Tempeh (TEM-pay) is an Indonesian base ingredient, bound together by a dense mycelium of fragrant white Rhizopus mold into compact vehicles for seasoning.
Most Tempeh is soy-based, and is popular with vegans and vegetarians for vitamin B12 and as a complete source of protein, meaning it uniquely has all nine essential amino acids for sustaining healthy bones and muscles.
Cube or slice for different textures. When fried, Tempeh transforms into crunchy, nutty-flavored bites of umami, making a hearty addition to salads, rice, hot dishes, wraps, and sandwiches. Fry with salt and pepper, or pack some flavor with one of the marinades below. The versatility and long shelf life makes this a solid staple for meat alternatives.
5 min chopping
marinade - 24hr
15-20 min total
10 days after opening in the fridge
up to 10 mos in the freezer
BAKE tempeh cubes until golden and crispy, from 30-35 min, until golden brown and crispy. Bake slices for slightly less time because they're thinner, 25 to 30 minutes.
PAN FRY. Sear both sides until browned and crispy, 3 to 5 minutes per side. Transfer to paper towels to absorb any extra oil.

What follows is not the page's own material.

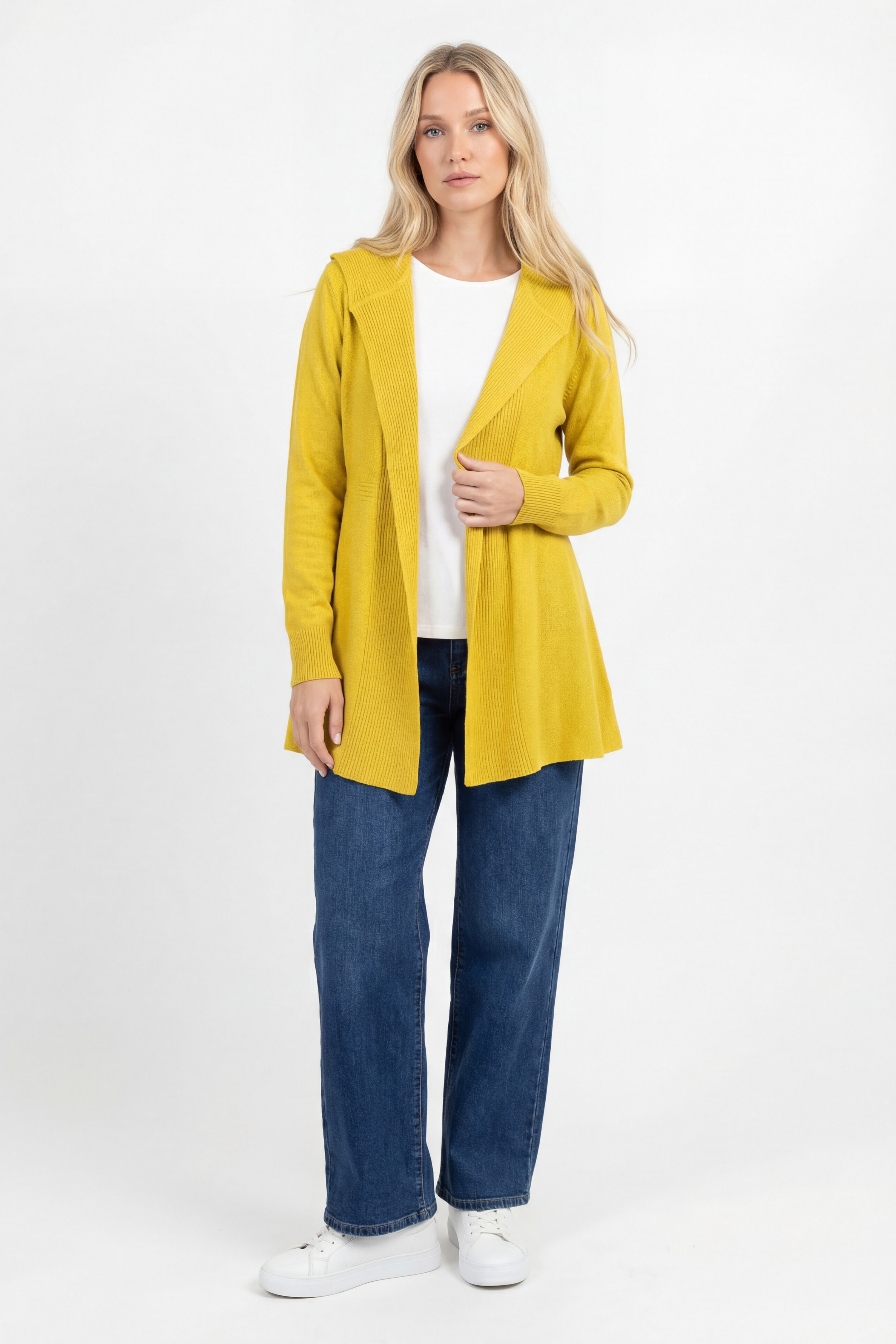 • Sa coupe évasée et sa maille texturée structurent la silhouette tout en apportant une belle fluidité. La capuche intégrée ajoute une touche casual chic, tandis que l’ouverture sur le devant permet de le porter facilement sur un top ou un t-shirt.

AIR FRY. Set the air fryer to 380 degrees F. Bake for 10 to 15 minutes, shaking 2 or 3 times.
STEAM. Break the tempeh into chunks, cover it with water or stock, bring the mixture to a boil, reduce to a simmer and cook for 10 minutes.
Tempeh can marinade for 20 minutes and go right into the fryer, or a couple days in the fridge as a spiced ingredient to throw in the breakfast pan.
These recipes are for 1 package (~8oz), but if you make extra, they work well for dressings or sauces on veggies. Chop by hand for 10-min prep or throw in a bullet blender for instant perfection and easy cleanup.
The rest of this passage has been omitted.